:: ASSIGNMENT ::
Look through the listing below for the line with "새찬송가_악보] 5장 - 이 천지간 만물들아 다운로드(고화질/인쇄용)" and the line with "Frozen ice texture.". Copy both, along with every line between them, exactly and with no pictures.

:: SOURCE MATERIAL ::

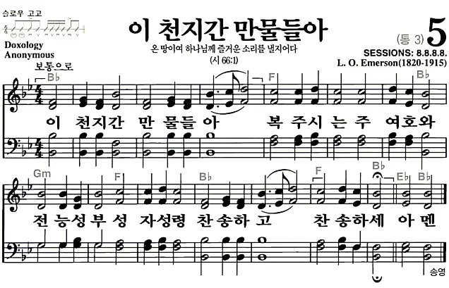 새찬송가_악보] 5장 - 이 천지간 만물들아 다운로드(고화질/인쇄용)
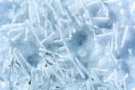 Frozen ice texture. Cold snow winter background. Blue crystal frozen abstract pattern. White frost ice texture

---

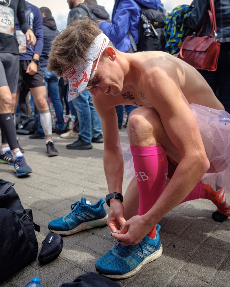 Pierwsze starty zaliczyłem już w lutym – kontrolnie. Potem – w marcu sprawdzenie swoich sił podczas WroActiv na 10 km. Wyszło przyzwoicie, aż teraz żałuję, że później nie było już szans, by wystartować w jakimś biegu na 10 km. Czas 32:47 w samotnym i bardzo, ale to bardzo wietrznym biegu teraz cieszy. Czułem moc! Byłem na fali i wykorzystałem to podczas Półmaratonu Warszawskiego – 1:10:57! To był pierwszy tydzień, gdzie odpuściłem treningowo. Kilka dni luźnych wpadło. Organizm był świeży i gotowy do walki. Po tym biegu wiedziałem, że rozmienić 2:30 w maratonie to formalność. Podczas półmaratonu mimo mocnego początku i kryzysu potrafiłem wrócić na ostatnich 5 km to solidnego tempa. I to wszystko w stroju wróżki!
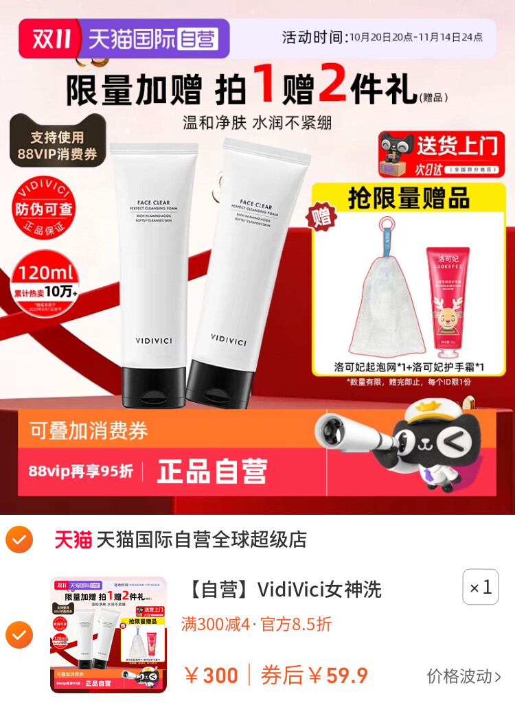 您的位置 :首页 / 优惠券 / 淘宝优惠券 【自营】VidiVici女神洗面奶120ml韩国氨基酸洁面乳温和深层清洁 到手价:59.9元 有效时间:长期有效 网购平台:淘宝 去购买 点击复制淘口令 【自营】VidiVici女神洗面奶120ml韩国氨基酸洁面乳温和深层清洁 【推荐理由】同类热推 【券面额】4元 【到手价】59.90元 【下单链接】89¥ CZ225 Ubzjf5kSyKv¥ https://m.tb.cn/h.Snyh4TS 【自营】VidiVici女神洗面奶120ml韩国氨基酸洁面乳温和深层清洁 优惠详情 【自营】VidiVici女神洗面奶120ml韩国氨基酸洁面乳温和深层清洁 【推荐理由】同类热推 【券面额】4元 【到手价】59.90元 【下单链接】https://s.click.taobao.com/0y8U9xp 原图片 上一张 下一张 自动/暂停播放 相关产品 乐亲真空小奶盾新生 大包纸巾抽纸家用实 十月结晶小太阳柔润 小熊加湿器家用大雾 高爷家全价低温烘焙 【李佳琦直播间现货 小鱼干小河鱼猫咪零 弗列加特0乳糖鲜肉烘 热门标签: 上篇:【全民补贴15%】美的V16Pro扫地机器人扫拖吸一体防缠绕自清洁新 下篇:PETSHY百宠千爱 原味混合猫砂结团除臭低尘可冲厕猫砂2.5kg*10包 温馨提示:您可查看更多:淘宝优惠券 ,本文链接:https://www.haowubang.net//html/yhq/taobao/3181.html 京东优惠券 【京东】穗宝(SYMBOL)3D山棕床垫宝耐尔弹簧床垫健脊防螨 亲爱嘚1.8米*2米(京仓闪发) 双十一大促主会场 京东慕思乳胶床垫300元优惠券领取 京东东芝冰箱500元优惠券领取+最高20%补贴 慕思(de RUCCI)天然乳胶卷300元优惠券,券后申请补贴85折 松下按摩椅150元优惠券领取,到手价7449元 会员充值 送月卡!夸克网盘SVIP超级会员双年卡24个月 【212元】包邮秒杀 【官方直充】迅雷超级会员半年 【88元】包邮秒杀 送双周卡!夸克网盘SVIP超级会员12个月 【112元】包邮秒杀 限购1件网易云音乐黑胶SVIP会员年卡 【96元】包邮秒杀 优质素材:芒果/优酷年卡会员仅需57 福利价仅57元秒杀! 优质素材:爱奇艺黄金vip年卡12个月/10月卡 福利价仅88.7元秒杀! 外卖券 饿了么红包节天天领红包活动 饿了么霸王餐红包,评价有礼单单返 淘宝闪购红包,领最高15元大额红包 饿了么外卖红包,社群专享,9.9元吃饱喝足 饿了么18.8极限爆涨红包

---

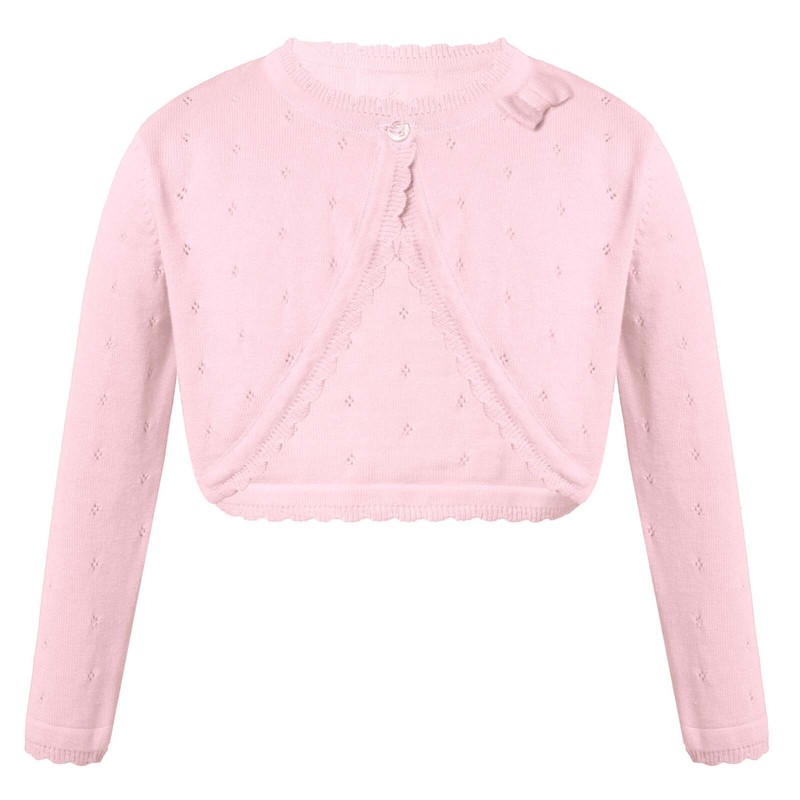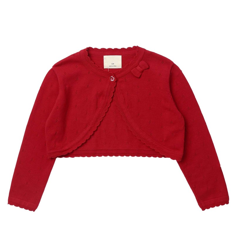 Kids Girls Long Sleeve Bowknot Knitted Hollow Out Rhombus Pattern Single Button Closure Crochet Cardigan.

:: SOLUTION FOR THIS TASK ::
 새찬송가_악보] 5장 - 이 천지간 만물들아 다운로드(고화질/인쇄용)
 Frozen ice texture. Cold snow winter background. Blue crystal frozen abstract pattern. White frost ice texture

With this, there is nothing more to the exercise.